Читать «Избранное. Логика мифа» онлайн - страница 173

Яков Эммануилович Голосовкер

Целеустремленность неинтересна, когда в ней чувствуется или явен расчет или фанатизм. Фанатик возбуждает только мгновенное любопытство, как крокодил, ползущий по Арбату, но он не интересен. Он отталкивает. Отталкивающее неинтересно, но оно не оставляет равнодушным: его бранят, его хотят убрать из жизни. «Интересное» не хотят убрать из жизни, как скучный роман с прилавка: наоборот, — его хотят вовлечь в жизнь, потому что оно «живое». Скучное же делает жизнь скучной. Скучное — необязательно старый угол с паутиной на покое. В таком углу может быть поэзия старины. Скучное может быть и действием: например, долбление. Непрерывное долбление одного и того же слова нагоняет скуку: привычка у маленьких детей, вызывающая сердитый окрик матери: «Чего ты долбишь!» Но долбление распространено не только у детей. Проповедник, который, проповедуя, долбит одно и то же; ученик, который долбит урок, или студент, который долбит лекцию, также нагоняет скуку. Также газета, которая ежедневно долбит одно и то же, может «продолбить» читателя. Поэтому она прибегает к пряным и острым приправам — к сенсациям, иначе она будет насмерть скучна. Скуку презирают. «Выдолбил» — замечание презрительное: отсутствие собственной мысли. Скука идиллической жизни Афанасия Ивановича и Пульхерии Ивановны не вызывает презрения, потому что она трогательна. Трогательность спасает в литературе скуку. Эстетическую категорию «трогательное» понимали сентименталисты и Гёте: взять хотя бы его идиллию «Герман и Доротея». Феокрит это понимал не всегда: он часто нам скучен. Скучен резонер — отрицательный персонаж комедии: Интересным для зрителя или читателя его делает насмешка — юмор автора. Скучно все автоматическое. Сперва оно вызывает удивление и даже восторг — а затем вызывает равнодушие и даже нас морально раздражает. Восторги интеллекта без участия сердца и воображения, то есть высшего инстинкта культуры, — скоропреходящие восторги.

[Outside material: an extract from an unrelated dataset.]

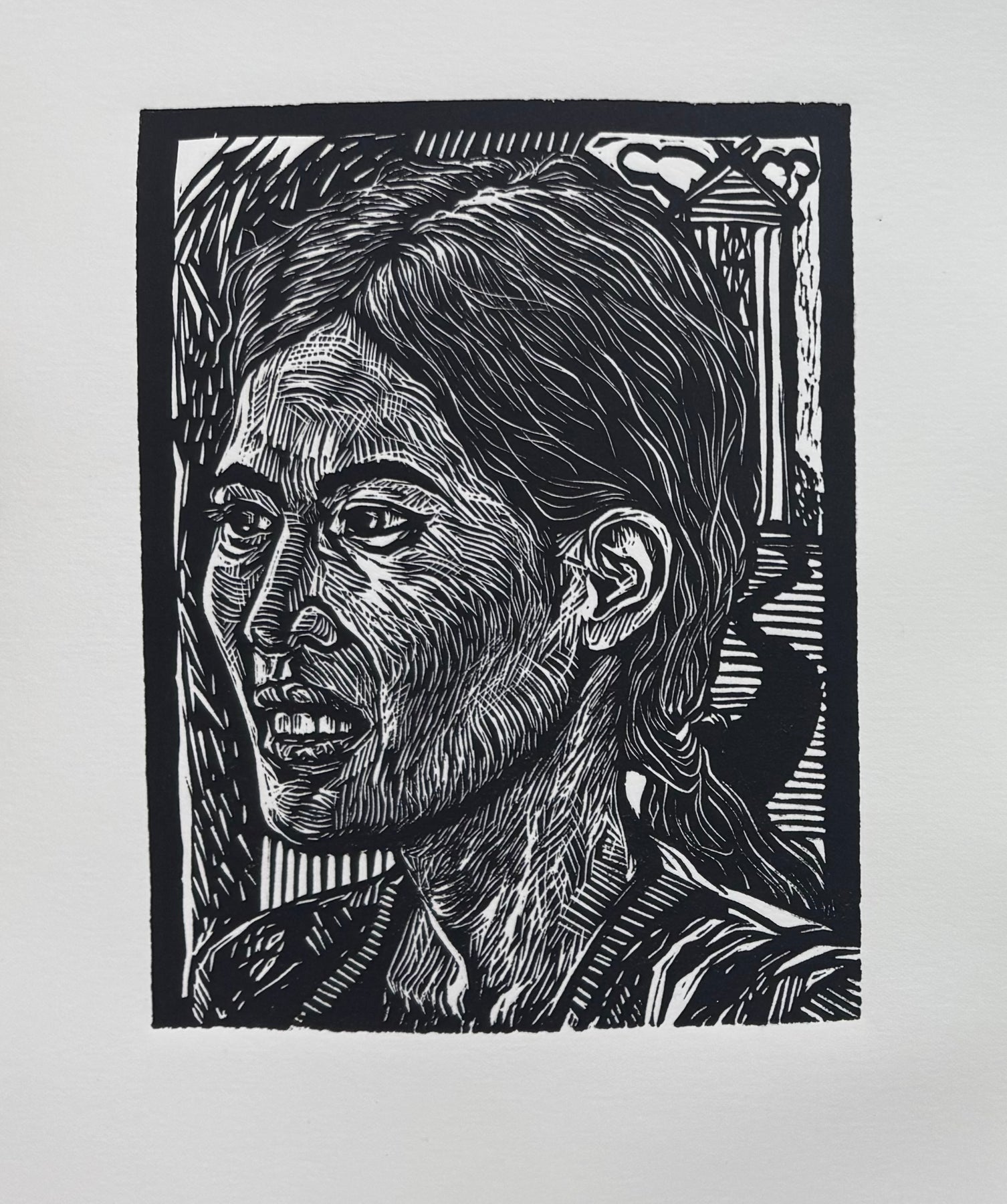 6 x 8 inches (Image Size) linocut on paper, limited edition of 10-- unframed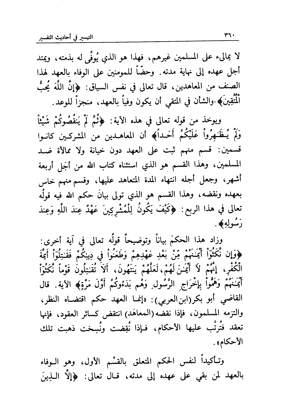 لا يمالئ على المسلمين غيرهم، فهذا هو الذي يوفى له بذمته، ويمتد أجل عهده إلى نهاية مدته. وحضا للمؤمنين على الوفاء بالعهد لهذا الصنف من المعاهدين، قال تعالى في نفس السياق: {إِنَّ اللَّهَ يُحِبُّ الْمُتَّقِينَ} والشأن في المتقي أن يكون وفيا بالعهد، منجزا للوعد.

Мысль человека очень горда. Она духовно гордится своей свободой, которую она сама же себе постулирует по инстинкту — по имагинативному инстинкту. Постулирует ее, свободу, невероятная мощь человеческого воображения. Автоматика же в принципе — антисвобода, невзирая на то, что современная чудо-автоматика облегчает труд человека и ускоряет цивилизаторский успех. Созданная мыслью человека, автоматика унижает самую же мысль: своей претензией превзойти и заменить мысль и ее свободу, опираясь на превосходство скорости механического процесса. Автоматика тоже гордится, но ее гордость — спесь, а не духовная гордость. Эта спесь забывает, что породившая ее, автоматику, мысль может ее мгновенно уничтожить и что все сложные процессы ее связей, готовьте прошлым перегнать будущее и им управлять — ничто перед мощью идеи, которую рождает мысль — воображение человека.

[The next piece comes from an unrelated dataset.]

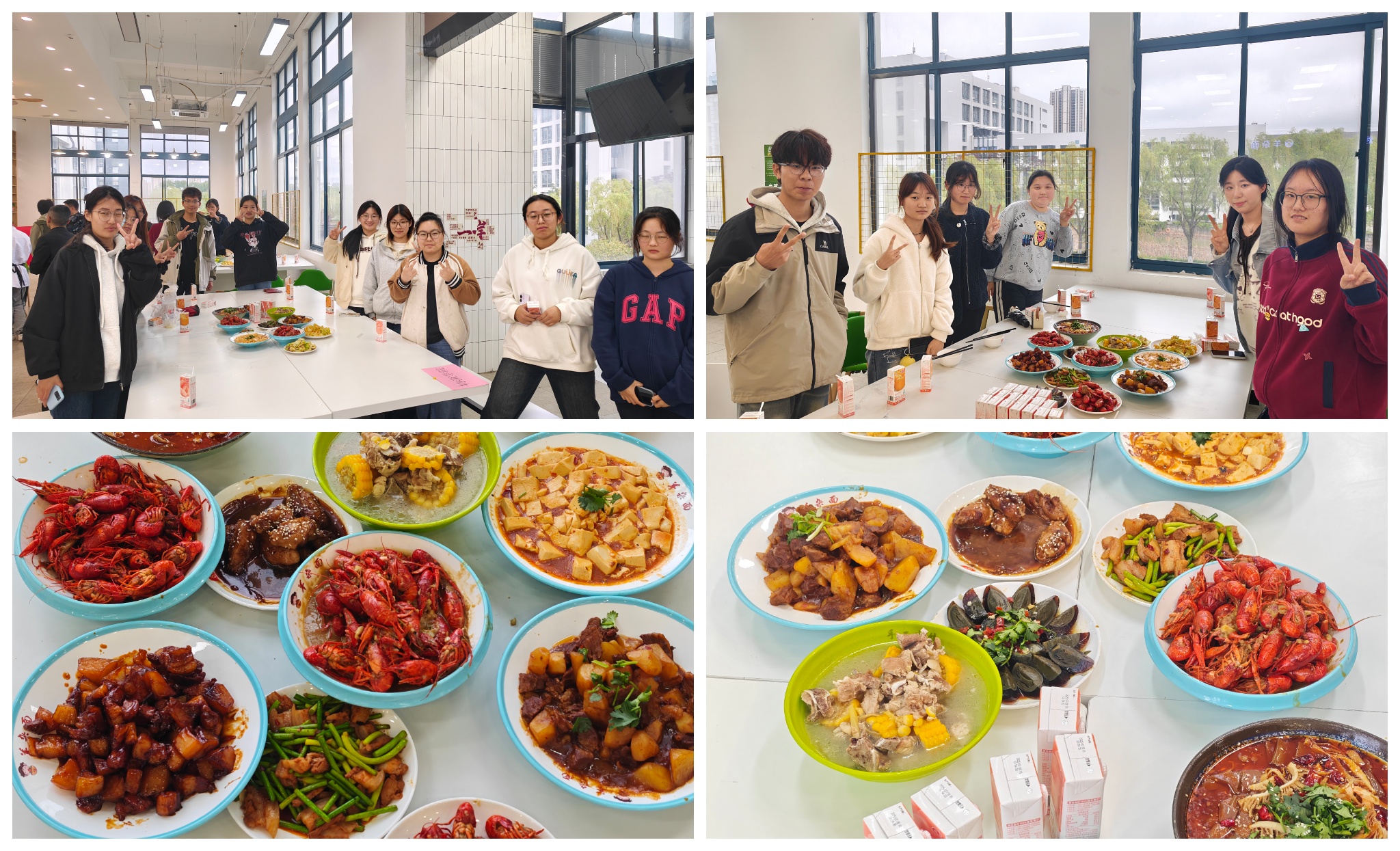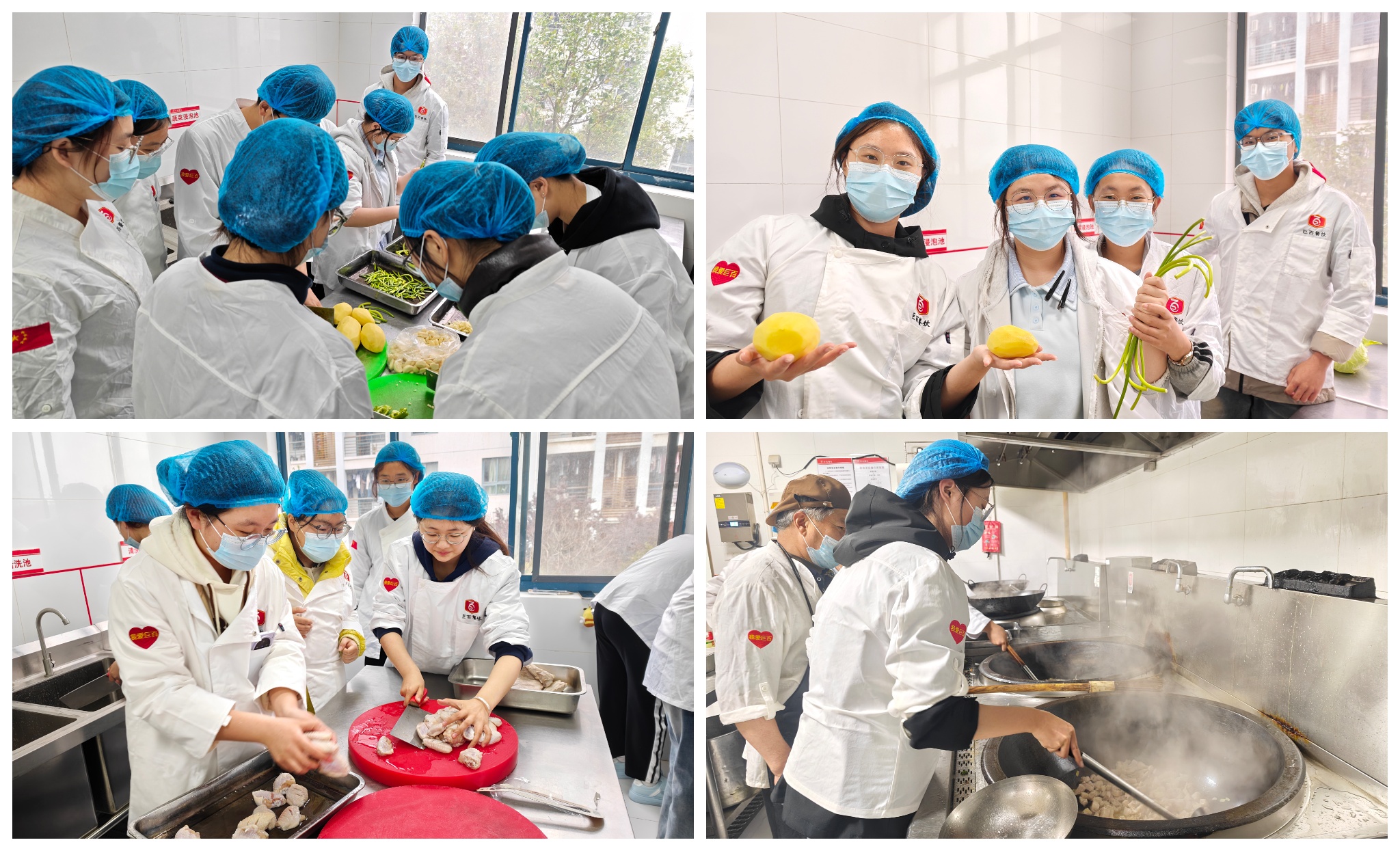 观摩环节结束后,厨艺实践正式拉开序幕。同学们以小组为单位分工协作,各司其职、默契配合。有的专注切配肉块,刀工虽显青涩却格外认真;有的细致清洗小龙虾,确保食材干净卫生;有的精心准备葱姜蒜等辅料,为烹饪做好充分铺垫,现场秩序井然、干劲十足。25 航空物流 1 班的卞淑婷同学率先登场,将肉块倒入大锅,在餐厅大厨的专业指导下,熟练掌握翻炒技巧、火候把控和调味比例,一道色泽红亮、香气四溢的红烧肉率先出锅,赢得现场阵阵赞叹。随后,同学们依次上阵,在大厨的悉心点拨下,一道道菜品陆续完成,每道菜都做到了色香俱全,充分展现了同学们的学习能力与实践热情。

Все чудеса автоматики заключены в смыслообразе (идее) нашего имагинантного рассудка, то есть той свободной мысли, которая создает культуру вместе с ее цивилизаторской технической миссией. Три легендарных волжских старца Толстого, которые знали только одну молитву «Трое вас, трое нас, помилуй нас» и ходили босыми по водам, догоняя пароход, они, — как смыслообраз, дороже человеческому сердцу и человеческой мысли, чем все победоносные суда с атомными двигателями, проникающие в Антарктику и готовые врезаться в почву Венеры и Марса. Они только песчинки человеческого гения, гения Мысли, в то время как хождение трех старцев по водам есть сам гений. Он есть то, что мы именуем «духом», абсолютом воображения — та глубокая тайна знания, упрощенным смыслообразом которой воспользовался Толстой.